Tuesday, November 20, 2007

Writing Personal Statements (Part 1 of 3)

Brainstorming Personal Statement Topics

When choosing your essay topic, don’t just write about the first thing that comes to mind after you’ve read the essay question. If it’s the first thing that occurs to you, it’s the first thing that occurs to many other applicants, too, and your essay won’t set you apart. Instead, make a list of many possible topics and choose the one that no one but you could write about. You’ve had experiences in your life that make you unique; it’s up to you to think of them and to find a way to write about them.

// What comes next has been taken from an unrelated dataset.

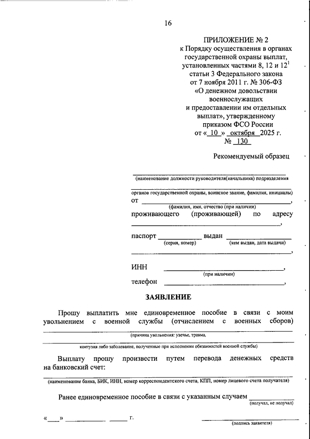 ПРИКАЗ ФСО РФ от 10.10.2025 N 130

Spend as long as possible brainstorming potential topics before you begin writing an essay. One way to brainstorm topics is to make lots of lists, and to include at least ten items on each one. Here’s a sample list:

Jobs I Once Wanted to Have
1. Firefighter (age 5)
2. International Spy (age 7)
3. Animal Hypnotist (age 6)
4. Personal Shopper (age 12)
5. Video Game Tester (age 14)
6. Writer of Blurbs on Back of Novels (age 16)
7. Wedding Planner (age 13)
8. Concierge (age 14)
9. Pilot (age 9)
10. Barrista (age 17)

So, how does this list help you select a topic? Say that I’m applying to veterinary school. Writing the above list has reminded me that I, at age six, wanted to be an animal hypnotist; this story will make a great anecdote to open my application essay, and will also lead into a more serious discussion of why I want to be a vet, etc.